Médiation, négociation collaborative et arbitrage

Aller devant les tribunaux pour un problème de droit de la famille peut être stressant, prendre du temps et coûter cher. Découvrez comment utiliser la médiation, la négociation collaborative ou l’arbitrage pour régler des questions sans aller au tribunal.
Ce que vous devriez savoir
Quand des époux, des partenaires ou des parents se séparent, ils doivent régler leurs problèmes juridiques. Ces problèmes peuvent comprendre la façon de partager les biens et les dettes, ainsi que la personne qui pourra rester dans la maison familiale. Ils doivent aussi déterminer si l’un d’eux paiera une pension alimentaire à l’autre. S’il y a des enfants, d’autres problèmes de droit de la famille doivent être réglés, notamment l’endroit où les enfants vivront et la façon dont les décisions à leur sujet seront prises.

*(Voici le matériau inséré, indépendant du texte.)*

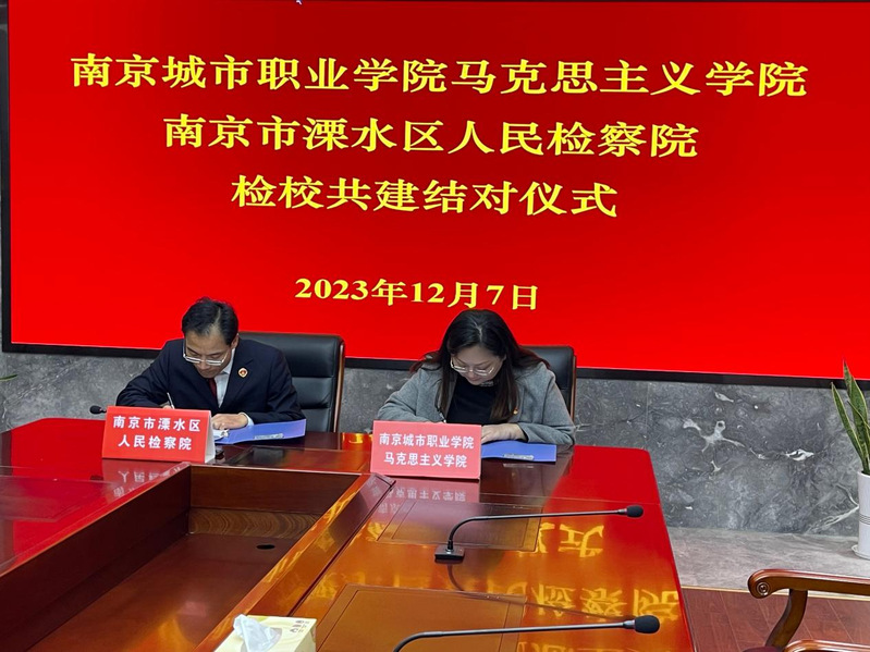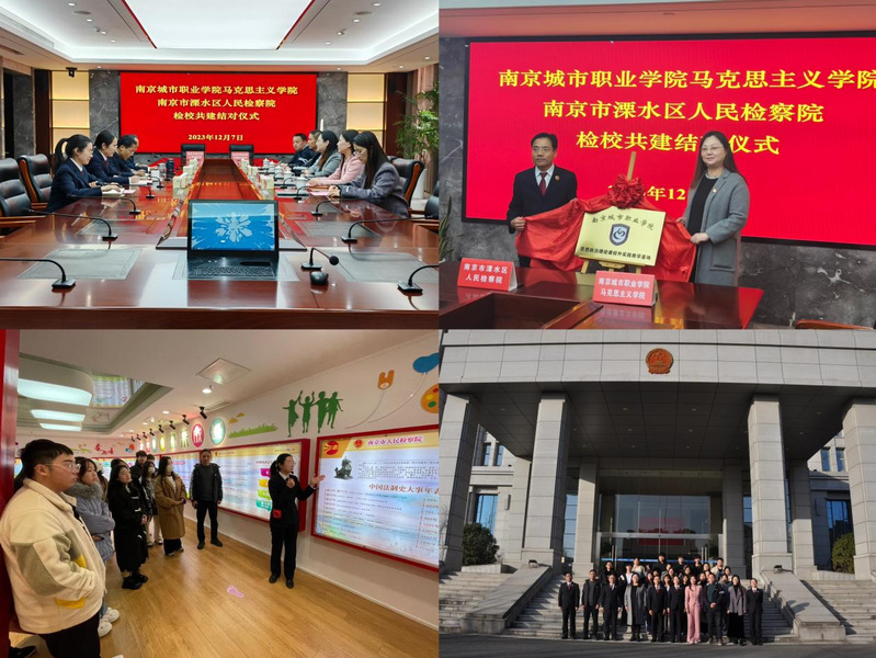 随后,溧水区检察院党组副书记、副检察长杨中青和王娜娜副院长代表检校双方正式签订了合作共建协议;为我校思政课校外实践教学基地揭牌。
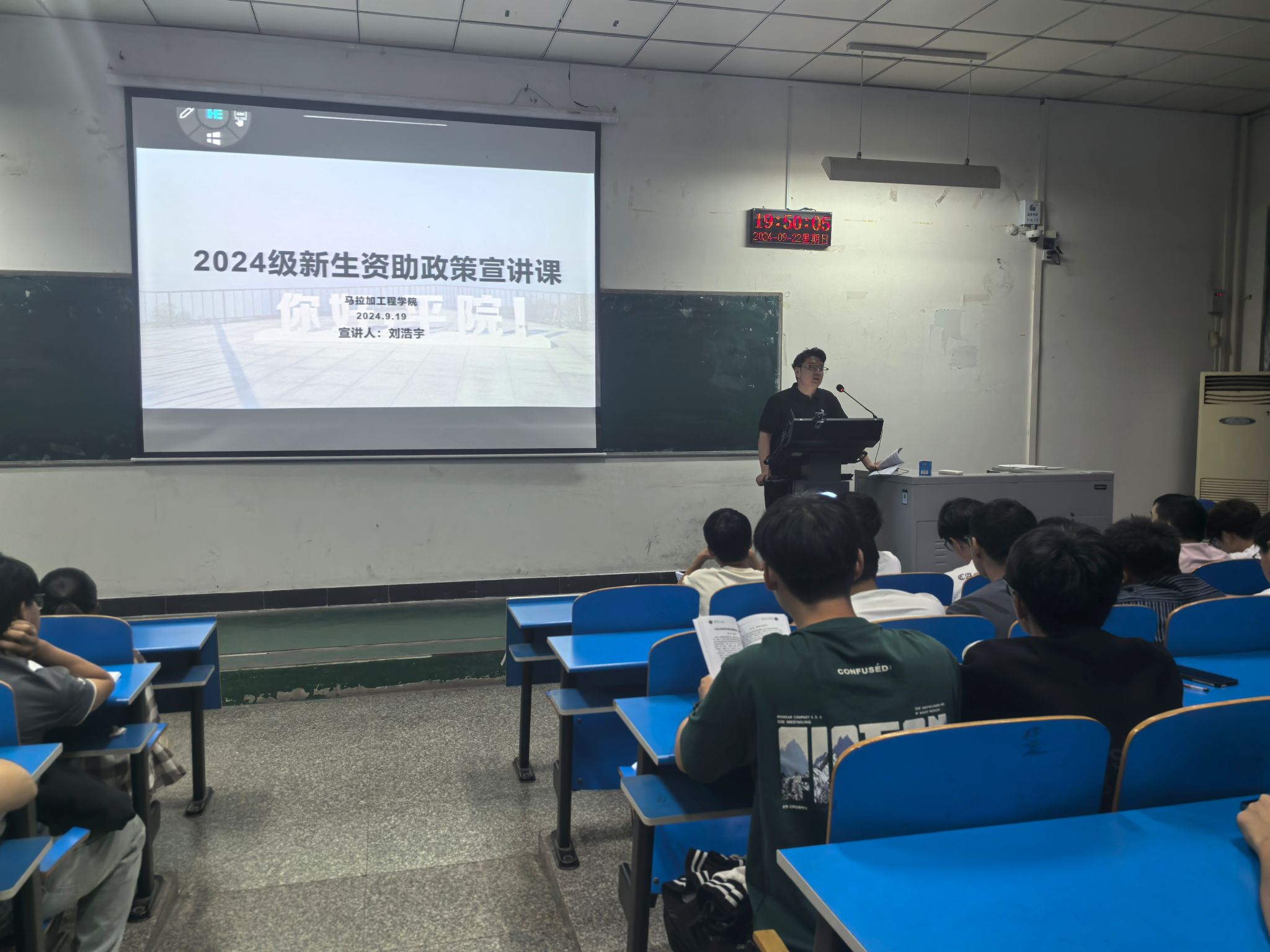 2024年9月19日晚上,太阳成tyc122cc集团举办了2024级员工资助政策宣讲课。宣讲课由辅导员刘浩宇主持,2024级全体员工参与。

Bien des gens pensent qu’aller au tribunal est la seule façon de régler ces questions. C’est parfois vrai. Par exemple, si une personne est violente, menace d’emmener les enfants hors de la ville ou cache des biens importants.
Mais la plupart des problèmes de droit de la famille peuvent être réglés sans aller au tribunal. En fait, la Family Law Act (Loi sur le droit de la famille) provinciale et la Divorce Act fédérale exigent que les gens essaient de régler leurs désaccords hors cour. Parmi les approches possibles, il y a la médiation, la négociation collaborative et l’arbitrage.
En médiation, les personnes en conflit rencontrent une personne neutre — un médiateur — qui les aide à se parler et à trouver une solution sur laquelle elles s’entendent. Habituellement, le médiateur est un avocat ou un autre professionnel formé. Un avocat en droit de la famille qui agit comme médiateur peut aussi fournir des renseignements généraux sur le droit de la famille.
Sans prendre parti ni donner de conseils juridiques, le médiateur :
écoute ce qui est important pour chacun de vous,
recueille l’avis des deux côtés sur les questions en litige, et
vous aide, vous et votre époux, à prendre vos propres décisions et à trouver une façon d’aller de l’avant.
Si vous et votre ex avez un enfant, le médiateur vous aidera à prendre des décisions dans l’intérêt supérieur de l’enfant. Le médiateur ne peut prendre aucune décision lui-même; son objectif est de vous aider tous les deux à prendre des décisions et à parvenir vous-mêmes à une entente au sujet de vos problèmes de droit de la famille.
Avantages de la médiation
La médiation coûte moins cher qu’aller au tribunal. Vous pourriez obtenir gratuitement de l’aide en médiation auprès d’un conseiller en justice familiale (un employé du gouvernement spécialement formé). Ou vous pouvez communiquer avec un médiateur privé et vous renseigner sur les coûts et le processus de médiation. Les médiateurs privés facturent habituellement à l’heure, et vous et votre ex partagerez généralement les coûts.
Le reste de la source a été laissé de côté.